Our year in the sun… on solar power.

This month marks our one year solar power anniversary. Am I still a happy solar camper? You betcha!

Based on my calculations from the last year, we generated 555 kWh more than what we used. That's right -- we generated an extra half a megawatt hour. In the previous year we consumed 8,561 kWh. The year before that, 9,260 and before that, 9,779 (so year over year our consumption was decreasing as we became more energy conscious). For more information on kWh check out: http://www.carbonlighthouse.com/2010/08/kwh-vs-kw/

 

Enough KWH... How much money did I save?

Annual Cycle kWh Bill Savings
2010-11 -555 $17.86 -$1,356.92
2009-10 8561 $1,374.78 -$59.32
2008-09 9260 $1,434.10 -$157.86
2007-08 9779 $1,591.96  

 

 

 

 

 

We saved $1,357 dollars in the last year on electricity. Yes, we "paid" less than 20 bucks for electricity for the entire year. ("Paid" because our last bill ended up becoming a credit so we've been working off that credit.) We're now down to -$117, i.e. at 2 bucks or less we might not be paying a bill for a long while.

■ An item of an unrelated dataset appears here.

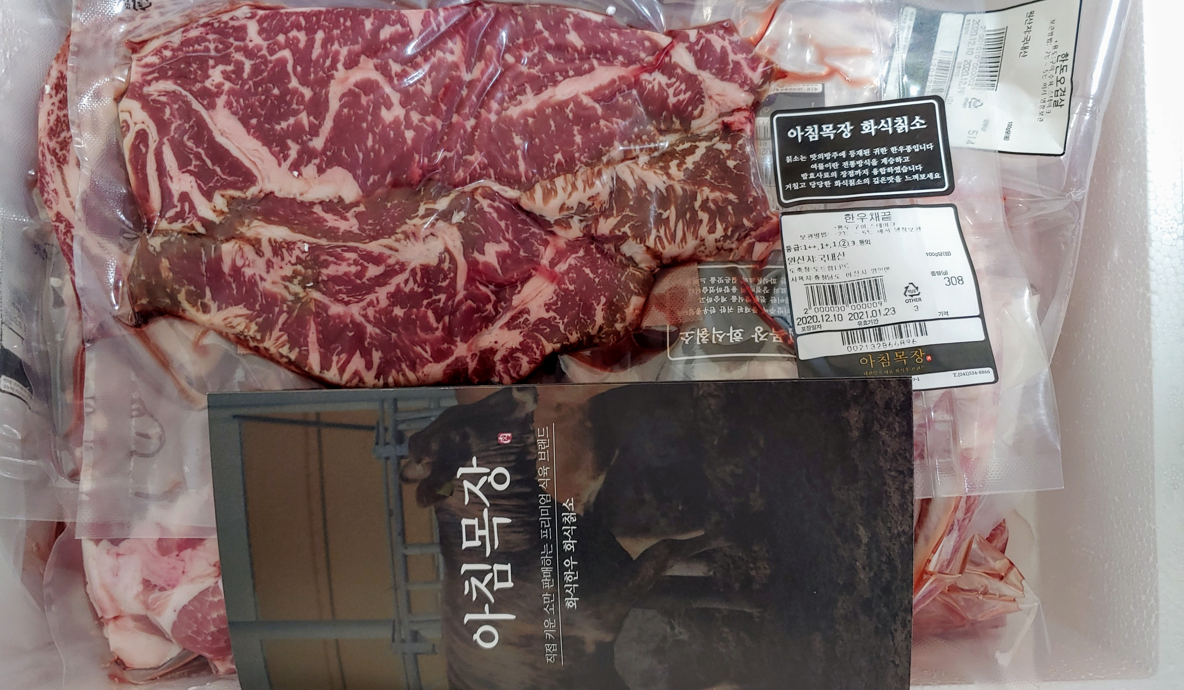 아침목장은 충남 아산에 위치한 프리미엄 식육 브랜드. 직접 키운 소고기와 한돈 돼지고기, 그리고 직접 만든 특제 양념으로 재운 양념고기 등을 판매한다. 처음엔 이 집의 양념 한우 소불고기가 너무 맛있어서 맛을 들였는데, 취급하는 돼지고기도 사 봤더니 값도 싸고 품질도 좋았다. 그래서 이 집의 시그니처라고 할 수 있는 화식칡소도 시도해 본 것.

And guess what? The California Assembly passed a bill which was signed in 2009 (AB920) where we're going to be paid BACK by the Electric company for that extra 555 kWh we generated. Yep, we're going to bill the electric company! We just got a letter this week saying they are trying to figure this out... so we're not running off to Vegas with our extra cash just yet.

 

Upfront and Ongoing Costs

Upfront cost was $29K. After a $6.5k rebate from SoCal Edison we paid $23K out of pocket. This year we filed for our energy tax credit, which went smooth as silk. A 30% credit on the cost of the panels and installation (after the rebate from SCE).

$29,000 (Upfront Cost) - $6,500 (SCE Rebate) - $7,000 (energy tax credit) = $16,100 end cost

And an important point is we own these panels. They are ours forever. If we move, we can take them with us. Also, since we own them, they are officially an asset and increase the value of the house a good deal (either when sold or if we ever rent it out).

The only future project cost is that the inverter (which converts the DC from the panels into AC for the house) will need to be replaced in 10 years or so. Currently those run a couple grand. Who knows how much they'll cost in 10 years - hopefully less given that there should be a high volume.

 

Lessons Learned

In the end, it looks like we may have over-provisioned (i.e. got too many panels). Our installer offered a number of options (14, 16, 18 panels, etc.) and great guidance, but in the end it was up to me and I erred on the side of over vs. under and picked 18.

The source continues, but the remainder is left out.